# About this task:
Every line of the records below from the line with "Crea un'accogliente area" up to and including the line with "表地には防水透湿性に優れたナ" must be reproduced exactly, and no line outside that range.

** Source material follows **

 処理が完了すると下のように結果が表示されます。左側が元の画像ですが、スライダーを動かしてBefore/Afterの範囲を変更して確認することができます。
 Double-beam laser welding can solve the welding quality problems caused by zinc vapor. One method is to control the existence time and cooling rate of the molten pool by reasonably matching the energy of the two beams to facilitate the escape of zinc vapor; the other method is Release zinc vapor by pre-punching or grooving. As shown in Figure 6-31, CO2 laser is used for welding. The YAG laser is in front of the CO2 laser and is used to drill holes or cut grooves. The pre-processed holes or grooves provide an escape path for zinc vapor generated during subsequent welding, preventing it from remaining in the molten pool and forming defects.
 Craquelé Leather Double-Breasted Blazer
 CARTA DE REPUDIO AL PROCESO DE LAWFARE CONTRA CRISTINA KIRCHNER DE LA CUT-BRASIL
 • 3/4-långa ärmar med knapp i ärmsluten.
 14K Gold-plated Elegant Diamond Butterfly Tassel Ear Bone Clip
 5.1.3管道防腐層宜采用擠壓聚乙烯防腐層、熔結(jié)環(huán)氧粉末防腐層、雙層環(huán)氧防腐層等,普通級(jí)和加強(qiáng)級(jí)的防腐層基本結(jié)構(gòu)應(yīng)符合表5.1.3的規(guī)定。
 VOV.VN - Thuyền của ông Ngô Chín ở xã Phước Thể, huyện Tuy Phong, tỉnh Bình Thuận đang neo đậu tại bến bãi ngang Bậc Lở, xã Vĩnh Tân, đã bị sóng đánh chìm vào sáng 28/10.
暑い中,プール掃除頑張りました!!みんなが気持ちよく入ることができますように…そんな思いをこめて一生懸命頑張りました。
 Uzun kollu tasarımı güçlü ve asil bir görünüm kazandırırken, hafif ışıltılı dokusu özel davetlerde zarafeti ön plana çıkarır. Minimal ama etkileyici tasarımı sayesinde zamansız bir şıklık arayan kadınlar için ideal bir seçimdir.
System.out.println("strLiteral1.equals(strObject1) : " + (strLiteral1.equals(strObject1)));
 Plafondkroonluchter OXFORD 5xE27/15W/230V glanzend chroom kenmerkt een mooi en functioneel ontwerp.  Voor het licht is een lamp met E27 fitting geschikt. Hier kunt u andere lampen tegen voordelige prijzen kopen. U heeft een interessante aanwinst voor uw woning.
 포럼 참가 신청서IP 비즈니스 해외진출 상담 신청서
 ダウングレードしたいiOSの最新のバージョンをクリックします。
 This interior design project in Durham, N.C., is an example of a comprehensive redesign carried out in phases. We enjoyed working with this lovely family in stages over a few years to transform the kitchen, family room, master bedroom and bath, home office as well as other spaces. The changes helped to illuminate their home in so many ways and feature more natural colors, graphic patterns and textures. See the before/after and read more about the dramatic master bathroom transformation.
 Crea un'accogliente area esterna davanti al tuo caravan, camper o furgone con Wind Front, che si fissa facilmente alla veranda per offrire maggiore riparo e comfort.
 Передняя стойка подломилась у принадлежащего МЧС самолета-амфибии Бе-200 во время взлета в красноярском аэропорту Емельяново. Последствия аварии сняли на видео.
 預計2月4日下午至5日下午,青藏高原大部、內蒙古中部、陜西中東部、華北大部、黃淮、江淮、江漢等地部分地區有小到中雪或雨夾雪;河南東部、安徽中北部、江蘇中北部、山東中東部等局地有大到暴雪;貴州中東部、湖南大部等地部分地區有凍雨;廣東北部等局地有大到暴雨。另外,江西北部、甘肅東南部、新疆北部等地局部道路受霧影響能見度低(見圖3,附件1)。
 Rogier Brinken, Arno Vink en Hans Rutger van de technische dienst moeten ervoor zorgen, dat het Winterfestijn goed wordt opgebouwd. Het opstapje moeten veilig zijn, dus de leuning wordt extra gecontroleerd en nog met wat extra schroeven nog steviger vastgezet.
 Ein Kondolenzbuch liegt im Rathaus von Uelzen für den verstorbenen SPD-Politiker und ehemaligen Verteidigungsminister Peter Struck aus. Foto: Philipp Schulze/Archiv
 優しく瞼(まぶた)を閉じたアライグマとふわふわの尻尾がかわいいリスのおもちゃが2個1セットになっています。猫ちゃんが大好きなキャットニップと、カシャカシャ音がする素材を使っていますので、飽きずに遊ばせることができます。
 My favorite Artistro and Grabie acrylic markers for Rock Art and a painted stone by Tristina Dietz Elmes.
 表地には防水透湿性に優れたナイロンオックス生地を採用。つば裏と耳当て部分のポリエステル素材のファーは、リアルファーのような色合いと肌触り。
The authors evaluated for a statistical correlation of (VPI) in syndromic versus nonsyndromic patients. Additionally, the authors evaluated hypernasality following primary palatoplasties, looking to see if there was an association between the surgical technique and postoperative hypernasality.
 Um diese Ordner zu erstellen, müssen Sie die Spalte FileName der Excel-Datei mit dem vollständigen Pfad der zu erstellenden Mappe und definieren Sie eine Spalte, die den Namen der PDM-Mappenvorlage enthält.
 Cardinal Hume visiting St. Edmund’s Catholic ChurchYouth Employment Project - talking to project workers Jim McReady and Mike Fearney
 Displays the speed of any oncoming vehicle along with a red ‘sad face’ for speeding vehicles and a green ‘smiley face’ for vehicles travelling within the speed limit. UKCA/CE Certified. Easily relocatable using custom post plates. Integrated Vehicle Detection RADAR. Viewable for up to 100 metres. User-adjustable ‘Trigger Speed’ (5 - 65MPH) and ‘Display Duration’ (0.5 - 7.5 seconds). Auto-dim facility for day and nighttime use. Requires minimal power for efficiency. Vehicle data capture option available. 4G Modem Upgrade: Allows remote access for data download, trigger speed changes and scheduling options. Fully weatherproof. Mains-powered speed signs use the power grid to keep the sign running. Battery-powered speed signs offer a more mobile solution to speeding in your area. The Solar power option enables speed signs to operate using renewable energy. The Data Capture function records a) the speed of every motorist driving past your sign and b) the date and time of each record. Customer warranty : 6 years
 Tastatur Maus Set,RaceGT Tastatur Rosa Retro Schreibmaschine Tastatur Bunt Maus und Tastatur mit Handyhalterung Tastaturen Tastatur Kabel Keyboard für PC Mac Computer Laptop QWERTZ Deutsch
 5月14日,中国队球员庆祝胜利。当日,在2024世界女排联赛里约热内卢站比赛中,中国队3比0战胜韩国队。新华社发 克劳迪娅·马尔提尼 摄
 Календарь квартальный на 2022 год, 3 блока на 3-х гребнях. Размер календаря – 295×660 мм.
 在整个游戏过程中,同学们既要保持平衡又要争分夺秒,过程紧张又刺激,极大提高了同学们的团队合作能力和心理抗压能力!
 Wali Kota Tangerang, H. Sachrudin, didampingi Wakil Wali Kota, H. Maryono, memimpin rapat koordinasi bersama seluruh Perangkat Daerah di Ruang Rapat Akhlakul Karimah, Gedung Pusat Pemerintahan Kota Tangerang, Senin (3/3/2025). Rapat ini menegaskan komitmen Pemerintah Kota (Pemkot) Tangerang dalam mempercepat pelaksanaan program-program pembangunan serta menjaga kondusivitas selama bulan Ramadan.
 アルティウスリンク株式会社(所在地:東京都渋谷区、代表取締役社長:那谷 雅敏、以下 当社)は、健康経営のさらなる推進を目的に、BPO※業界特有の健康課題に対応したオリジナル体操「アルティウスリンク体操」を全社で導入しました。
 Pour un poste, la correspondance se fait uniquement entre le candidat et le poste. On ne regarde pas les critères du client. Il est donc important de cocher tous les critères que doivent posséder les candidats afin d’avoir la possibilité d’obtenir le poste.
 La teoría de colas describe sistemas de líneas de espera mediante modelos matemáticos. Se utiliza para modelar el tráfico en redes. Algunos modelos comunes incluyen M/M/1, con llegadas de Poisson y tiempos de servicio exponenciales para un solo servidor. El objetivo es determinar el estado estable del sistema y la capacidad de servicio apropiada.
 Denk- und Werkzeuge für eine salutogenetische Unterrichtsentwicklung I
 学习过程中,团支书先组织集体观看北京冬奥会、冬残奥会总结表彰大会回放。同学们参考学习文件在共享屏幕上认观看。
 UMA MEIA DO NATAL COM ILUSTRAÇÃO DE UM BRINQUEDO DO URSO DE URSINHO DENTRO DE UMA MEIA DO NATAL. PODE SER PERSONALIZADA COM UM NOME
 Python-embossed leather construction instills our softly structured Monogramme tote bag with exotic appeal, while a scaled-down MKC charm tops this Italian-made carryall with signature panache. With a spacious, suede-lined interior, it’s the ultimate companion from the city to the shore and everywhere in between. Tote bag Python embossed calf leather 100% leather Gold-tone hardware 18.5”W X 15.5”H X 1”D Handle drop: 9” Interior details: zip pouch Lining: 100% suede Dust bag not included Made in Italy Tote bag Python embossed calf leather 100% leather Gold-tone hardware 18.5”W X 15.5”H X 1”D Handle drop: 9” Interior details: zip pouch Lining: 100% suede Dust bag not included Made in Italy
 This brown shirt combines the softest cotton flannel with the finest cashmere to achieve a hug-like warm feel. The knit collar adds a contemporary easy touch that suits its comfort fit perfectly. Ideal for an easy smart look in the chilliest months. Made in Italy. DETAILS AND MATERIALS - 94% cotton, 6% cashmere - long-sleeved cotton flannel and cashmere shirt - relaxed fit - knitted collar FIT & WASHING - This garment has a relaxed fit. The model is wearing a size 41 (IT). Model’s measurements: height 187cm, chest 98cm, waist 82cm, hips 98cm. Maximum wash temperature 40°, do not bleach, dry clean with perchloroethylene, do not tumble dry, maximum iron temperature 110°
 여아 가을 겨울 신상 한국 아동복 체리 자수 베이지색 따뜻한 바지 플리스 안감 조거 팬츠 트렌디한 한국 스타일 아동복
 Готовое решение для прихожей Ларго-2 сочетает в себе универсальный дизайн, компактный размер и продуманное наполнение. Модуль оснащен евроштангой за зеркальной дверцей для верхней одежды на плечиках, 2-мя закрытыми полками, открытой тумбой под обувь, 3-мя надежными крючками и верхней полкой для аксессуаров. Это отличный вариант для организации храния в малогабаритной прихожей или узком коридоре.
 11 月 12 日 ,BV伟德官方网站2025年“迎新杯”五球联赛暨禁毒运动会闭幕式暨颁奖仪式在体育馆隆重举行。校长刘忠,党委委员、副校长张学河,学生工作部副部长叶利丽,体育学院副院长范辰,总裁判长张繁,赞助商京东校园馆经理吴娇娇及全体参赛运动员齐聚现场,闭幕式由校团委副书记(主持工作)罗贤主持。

** End of Source material **

# Solution to this task:
 Crea un'accogliente area esterna davanti al tuo caravan, camper o furgone con Wind Front, che si fissa facilmente alla veranda per offrire maggiore riparo e comfort.
 Передняя стойка подломилась у принадлежащего МЧС самолета-амфибии Бе-200 во время взлета в красноярском аэропорту Емельяново. Последствия аварии сняли на видео.
 預計2月4日下午至5日下午,青藏高原大部、內蒙古中部、陜西中東部、華北大部、黃淮、江淮、江漢等地部分地區有小到中雪或雨夾雪;河南東部、安徽中北部、江蘇中北部、山東中東部等局地有大到暴雪;貴州中東部、湖南大部等地部分地區有凍雨;廣東北部等局地有大到暴雨。另外,江西北部、甘肅東南部、新疆北部等地局部道路受霧影響能見度低(見圖3,附件1)。
 Rogier Brinken, Arno Vink en Hans Rutger van de technische dienst moeten ervoor zorgen, dat het Winterfestijn goed wordt opgebouwd. Het opstapje moeten veilig zijn, dus de leuning wordt extra gecontroleerd en nog met wat extra schroeven nog steviger vastgezet.
 Ein Kondolenzbuch liegt im Rathaus von Uelzen für den verstorbenen SPD-Politiker und ehemaligen Verteidigungsminister Peter Struck aus. Foto: Philipp Schulze/Archiv
 優しく瞼(まぶた)を閉じたアライグマとふわふわの尻尾がかわいいリスのおもちゃが2個1セットになっています。猫ちゃんが大好きなキャットニップと、カシャカシャ音がする素材を使っていますので、飽きずに遊ばせることができます。
 My favorite Artistro and Grabie acrylic markers for Rock Art and a painted stone by Tristina Dietz Elmes.
 表地には防水透湿性に優れたナイロンオックス生地を採用。つば裏と耳当て部分のポリエステル素材のファーは、リアルファーのような色合いと肌触り。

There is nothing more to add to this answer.